I always think of Robert Mussil’s “The Man Without
Qualities” for a glimpse into that time, the Vienna of 1913, the apogee of
charm. It’s idle to put much of anything
into a 100-year anniversary, I suppose.
100 years prior to 1914 in 1814, you can’t point to much decisive. The War of 1812 was winding down, the “Star
Spangled Banner” was written, and over here Hong XiuQuan was busy being born.

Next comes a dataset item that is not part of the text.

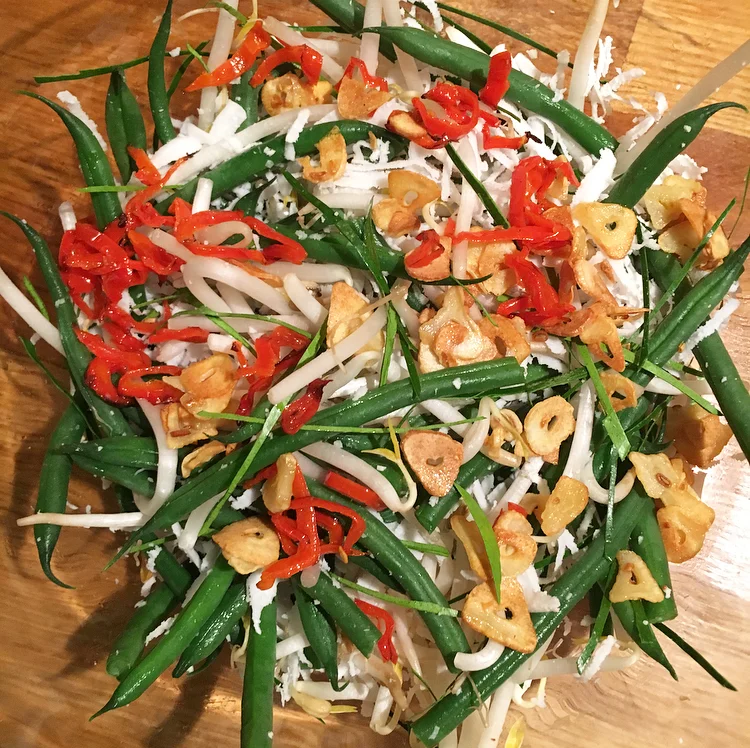 Tip the blanched beans into a bowl and add the grated coconut, bean sprouts, shredded lime leaves, fried shallots, fried garlic fried chillies and uncooked red chillies. Mix well, then drizzle over the salad dressing and toss everything together.
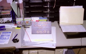 Members of maintenance moving piano from East alley onto the Arnold Lot in preparation to move into barn storage space. Boardwalk and building entrance are on South side of the barn Lincoln Home NHS, 1998 CRS Collection Move, East end of lot, Roll N7, exp 14 sheet 5 of 9 Carriage House, storage room

Plenty was about to happen but there was
nothing decisive that June, for example to suggest a shifting of anything irreversible. http://en.wikipedia.org/wiki/1814
And, like they say about 1587, this may also be a year of no
significance. http://www.amazon.com/1587-Year-No-Significance-Dynasty/dp/0300028849
Certainly though some rather ominous storm clouds are
gathering and I think the swirl is proceeding most obviously right around where
I live. (Imagine that, it all seems most
pressing, where I actually reside.) And
just as Pax Britanica was about to be buffeted sorely, how much longer in this
century will you give Pax Americana? Nothing
definitive is likely to transpire this year or the next. But this will be the century in which America
either learns to further share the arbitration of world power or have it taken
from it.
But that’s years off.
Or at least month’s off. Well, it
won’t happen today. And perhaps it will
be a transition that all sides derive greater, and not lesser stability
from. Last night we did something we
rarely do, we turned on the Television. You
need real-time broadcasting to see a countdown.
We had on one of the CCTV stations and it was broadcasting New Year’s
Eve from Shanghai. There was the silly
song and dance routine on the freezing Bund platform where a group of ladies
who looked like Santa’s elves sang a banal song called “I Love Shanghai.” Yawn. Come
on Sanhainin, that’s New York’s
IP.
But then there was a light show on the old British Customs
House and HSBC buildings. My stepson had
just been down and he said he’d seen them practicing for it. Unabashedly drenched in some sort of Sino-psilocybin,
this 4D show was fabulous. I absolutely
wished I’d been there to see it in person, flashed up against the old deco
buildings, casting them, somehow as larger by far than any of the giants looming
over them across the Huangpu.
Necessarily a triumphal march through time, that necessarily
marches right past many decades of relevant history, of course, right up to
contemporary moon landings, and no I didn’t like all the music or the cartoon
character imagery and I know that light shows of some fashion like this have
been projected on buildings around the world for years and on and on and
on. But it was cool. It was challenging and entertaining. It contained surprises. I found it 独具匠心[1] I
think it would have been more fun than watching the ball drop in Time
Square. Good for China. Good for Shanghai. Good for the world. http://www.youtube.com/watch?v=pR9rhbqV6W4
Nothing could have been less 4D-acidic than the Shanghai
Mayor Han Zheng’s speech, which followed the countdown. I can’t find a clip of it, but it must be out
there. Whoever was in charge of the ‘bread
and circus’ countdown production in the Propaganda Ministry certainly tapped into something
aspirational. That urge to compete globally
for that most illusive of chalice, the distinction of cool. They pushed the envelope and the 4D
light show was cool. The mayor was
not. Both must be broadcast to the
nation and world, as this civilization finds its voice this century.
May
these teens we’re in the middle of now, continue to unfold peacefully.